OBJECTIVE To evaluate the efficacy and mechanism of Kai-Xin-San in improving intestinal function damage induced by intragastric administration of fluoxetine in chronic unpredictable mild stress (CUMS) depression model mice.

METHODS A CUMS depression mouse model was established and treated with fluoxetine (9 mg ·kg^-1·d^-1), low-dose (1.5 g ·kg^-1·d^-1) and high-dose (4.5 g ·kg^-1 ·d^-1) Kai-Xin-San, fluoxetine combined with low-dose (9 mg ·kg^-1·d^-1+1.5 g·kg^-1 ·d^-1) and high-dose (9 mg ·kg^-1 ·d^-1+4.5 g ·kg^-1 ·d^-1) Kai-Xin-San, and mosapride combined with fluoxetine (2 mg ·kg^-1 ·d^-1+9 mg ·kg^-1 ·d^-1) for 28 consecutive days. The body weight of mice was measured; the food utilization was calculated and the serum D-xylose content was measured to evaluate the intestinal mucosal absorption capacity of mice; HE staining was used to evaluate the intestinal structural damage of mice; TUNEL staining was used to evaluate the intestinal tissue apoptosis of mice; ELISA was used to detect the expression levels of brain gut peptides such as vasoactive intestinal peptide (VIP), gastrin (MTL), substance P (SP) and Ghrelin in the intestine of mice; Western blot was used to detect the expression of apoptosis signaling pathway proteins.

RESULTS Compared with the model group, fluoxetine significantly reduced the body weight of mice after 2 weeks of administration (P < 0.05); the food utilization and serum D-xylose content of mice were significantly reduced after 4 weeks of administration (P < 0.05), and the intestinal villi of depressed mice were damaged (P < 0.05) and intestinal epithelial apoptosis of mice was enhanced (P < 0.01); the expression of VIP in the small intestine of mice was upregulated (P < 0.05), and the expression of MTL, SP and Ghrelin was downregulated (P < 0.05, P < 0.01); cleaved Caspase-3/Caspase-3 and cleaved Caspase-9/Caspase-9 in the intestinal apoptosis signaling pathway of mice were upregulated (P < 0.05, P < 0.01). Compared with the fluoxetine group, the body weight of mice was significantly increased after 2 weeks of combined use of Kai-Xin-San and fluoxetine (P < 0.05, P < 0.01). After 4 weeks of combined use of high-dose Kai-Xin-San and fluoxetine, the food utilization and serum D-xylose expression of mice were significantly increased (P < 0.05); intestinal villus damage was improved (P < 0.05); intestinal epithelial tissue apoptosis was significantly reduced (P < 0.01); small intestinal VIP expression was significantly downregulated (P < 0.01), and the expression of MTL, SP and Ghrelin was significantly upregulated (P < 0.05); cleaved Caspase-3/Caspase-3 and cleaved Caspase-9/Caspase-9 in the apoptosis signaling pathway were significantly reduced (P < 0.05, P < 0.01).

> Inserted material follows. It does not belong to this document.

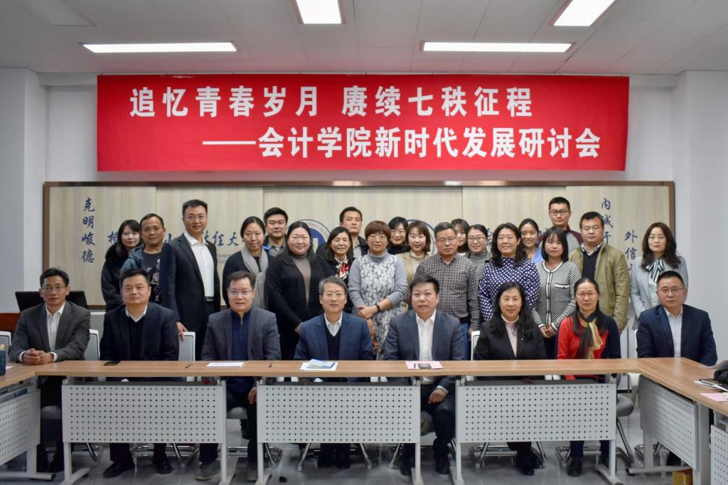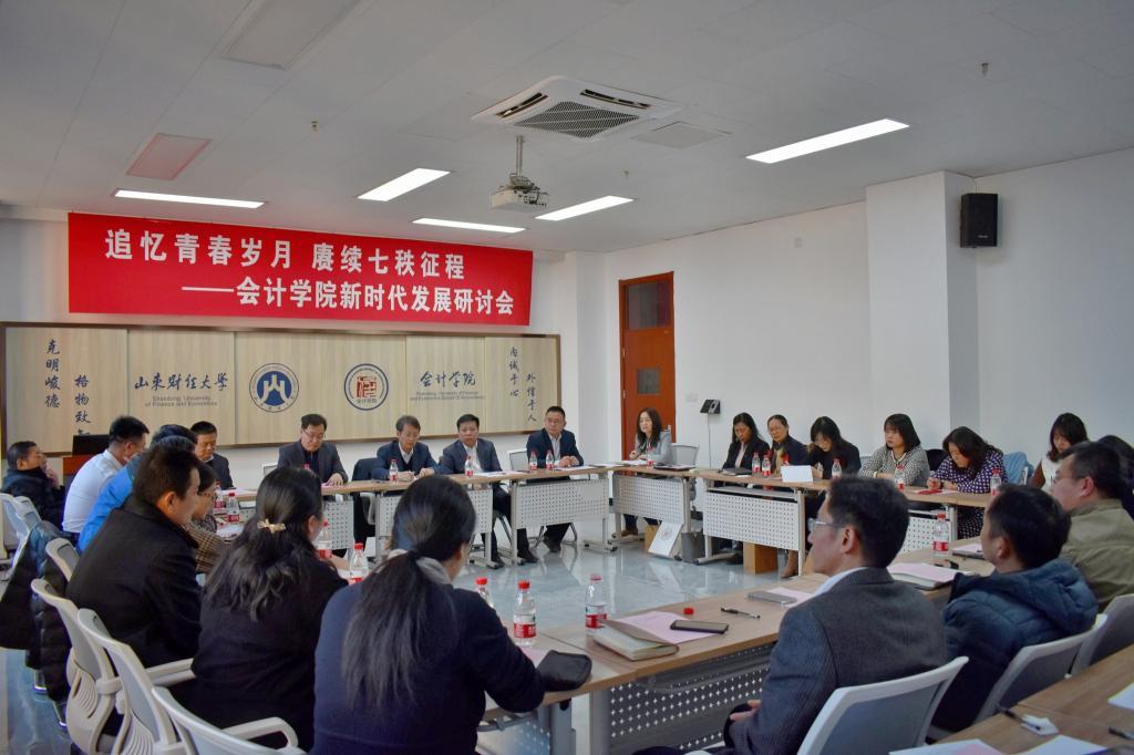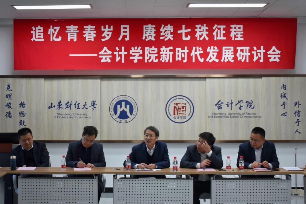 在山东财经大学建校70周年暨合并建校10周年校庆倒计时200天之际,国外足球预测网站 举办“追忆青春岁月 赓续七秩征程——国外足球预测网站 新时代发展研讨会”。30余位曾在国外足球预测网站 工作和学习过的教职工参加了研讨会,学校党委副书记韩作生出席并讲话。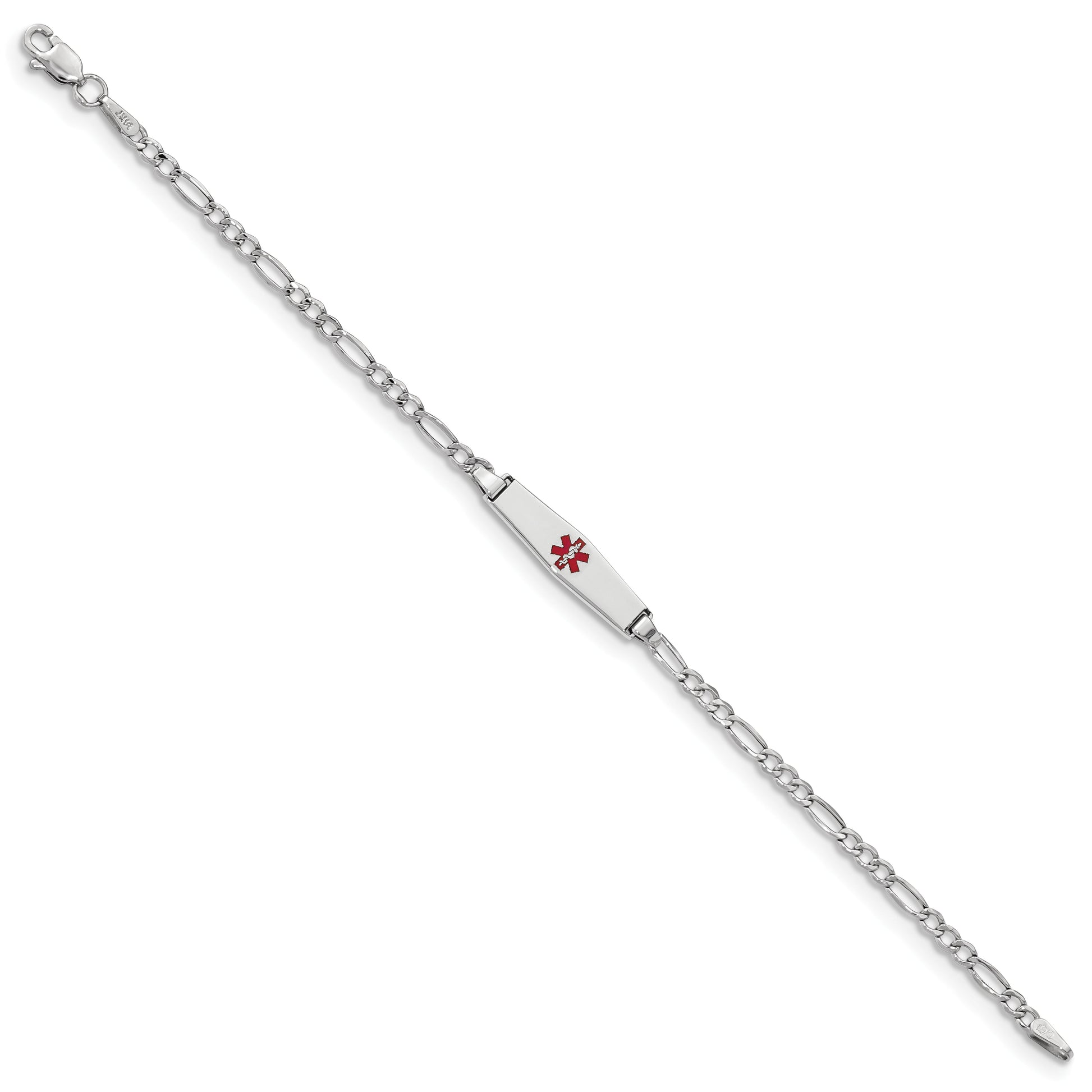 Introducing the 14K White Gold Medical Semi-Solid Chain Bracelets, crafted for kids with care. This 6-inch bracelet features a soft diamond-shaped red enamel charm at its center, making it both stylish and easy to spot in case of emergencies. The sturdy Figaro chain measures 2.5mm wide with a polished finish, and a secure lobster clasp keeps it in place. Its semi-solid design ensures durability, while the engravable surface adds a personal touch. Perfect as a medical alert bracelet for children, the 14K White Gold Medical Semi-Solid Chain Bracelet combines function with sleek, youthful style.

CONCLUSION Kai-Xin-San has the effect of improving the gastrointestinal motility and intestinal absorption function damage caused by fluoxetine in depressed mice. Its mechanism may be related to improving the expression of brain gut peptide in the small intestine and inhibiting intestinal villi damage and intestinal tissue apoptosis.